Bad news for medical aid members in 2025

 ·22 Nov 2024

Medical aid schemes in South Africa have announced significant price hikes for plans starting January 2025, averaging 10.7% across 12 of the biggest schemes – far higher than inflation, which is expected to average below 4%.

This means that medical aid prices will be shooting up by an average of 6.7% in real terms next year – while salary and wage increases are barely scraping by with a 1.5% to 2% hike.

Given the constraints on household finances, many will be left with no option but to either cut spending elsewhere to keep affording their plans – or downgrade to lower cover to ensure at least some coverage.

According to Jacqui Nel, business unit head of healthcare at Aon South Africa, the hefty price hikes have been largely driven by increased use of schemes, which have surpassed pre-Covid-19 levels.

At the same time, sharply rising living costs and heavily constrained household incomes are exerting untenable pressure, with many consumers struggling to keep pace with the soaring costs of retaining access to their private healthcare.

“While many South Africans are having to re-evaluate their healthcare funding plans, the continued strain on and poor quality of many public healthcare facilities means that retaining access to private healthcare remains a necessity,” Nel said.

This means that on top of all the other financial pressures households face, many will be forced to reprioritise their budgets to keep their plans.

If this proves too difficult on strained income, Nel said that households may have to consider downgrading their options.

“The most crucial aspect right now is to secure your healthcare cover which is fundamental to carrying you through a potential health crisis, ensuring that you get the best possible private medical care in your time of need,” she said.

Nel laid out key things to look at when considering medical aid coverage:


Medical aid changes

Medical schemes have released their increases and updated plan information for 2025. These updates include changes in contributions, co-payments and benefits.

Before renewing your plan, it’s crucial to evaluate the increases, most of which have been well above inflation.

Check for changes in benefits such as adjustments in coverage and limits, changes to hospital networks, limits on specialist visits or increased co-payments for certain procedures.

Some plans may restrict you to a network of hospitals, which could limit your access to healthcare providers.

Ensure that these hospitals are conveniently located and have a good reputation. Remember that a network is not an indication of inferior care, but rather the medical scheme’s ability to negotiate for better pricing and outcomes when using these networks in the interest of their members.


Flexibility

Check whether your benefit option provides the flexibility to upgrade due to life changing health events if needed – you may be healthy now, but no one knows what the future holds. 

If you do face a life changing health event, check whether you are able to get access to upgraded cover when required, or if you would have to wait for the year-end renewal period to exercise this option.

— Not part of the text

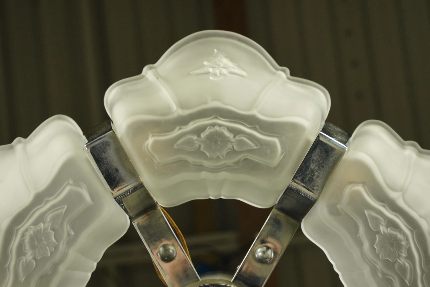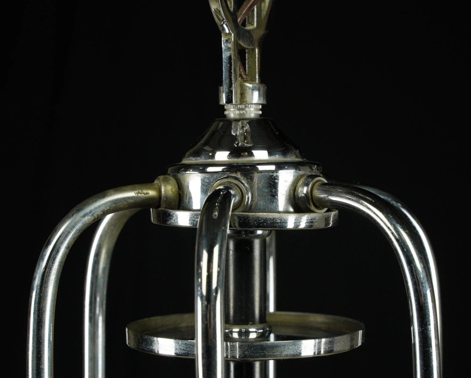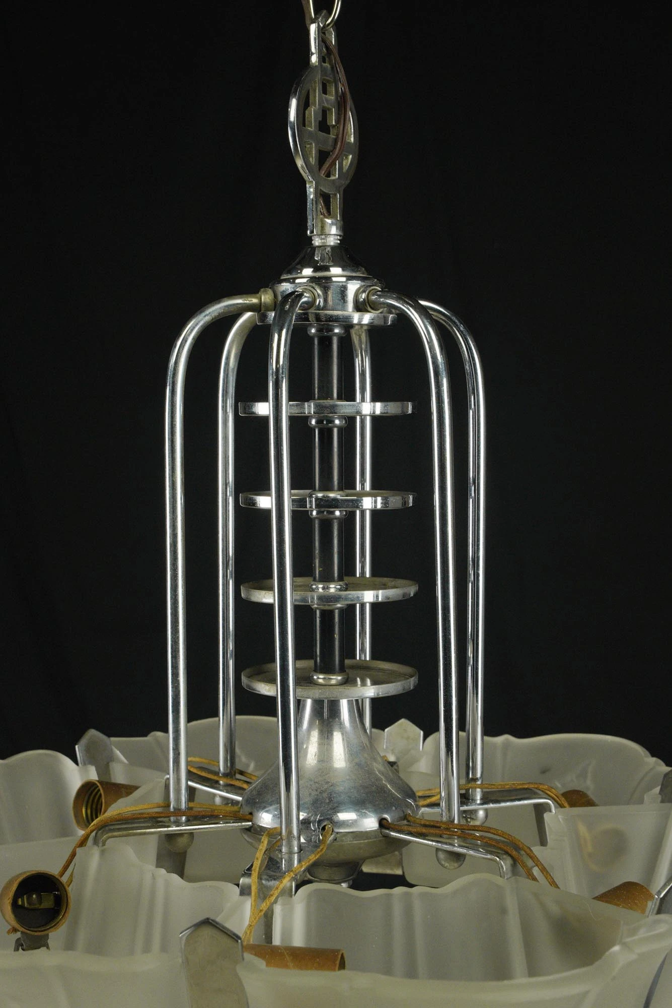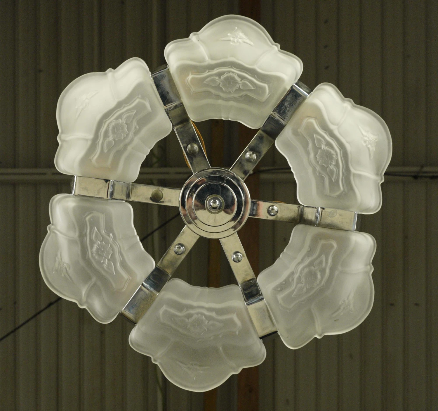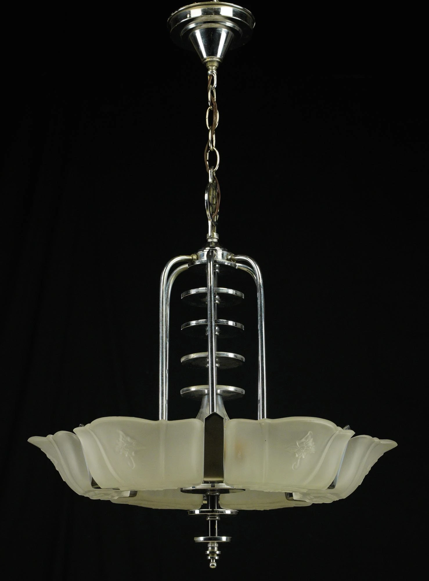 Art Deco nickeled brass chandelier with six cast glass slip shades. This requires six standard medium base bulbs. Good condition with appropriate wear from age, with minor scratches. This light is restored and ready to ship. One available.

Also, consider options that provide access to virtual doctor’s consultations as a means to provide access to more affordable, quality healthcare.


Over or under-insured

Assess your current day-to-day expenditure and whether your existing benefits provide sufficient cover and will not leave you out of pocket.

Similarly, check whether you are over-insured and paying for cover you do not need, which will allow you to buy down as an option to consider if you’re under financial pressure. 


Downgrading

If you are downgrading cover to a lower benefit option it is important to understand that you will receive less cover and benefits.

Find out what those benefit reductions are, how your access to healthcare is affected and the implications for your pocket. If you are changing to another benefit option, move to another option within the same medical scheme to avoid any waiting periods.

Most schemes will allow a buy-down at any time during the year. If you do move to another medical scheme ensure you understand the underwriting that may be imposed such as waiting periods. 

If you’re downgrading to a core benefit that only covers hospitalisation (ie, a hospital plan), understand that you will need to fully self-fund your day-to-day primary care like GP visits, dentistry, optometry, acute/chronic medication and preventative health check-ups.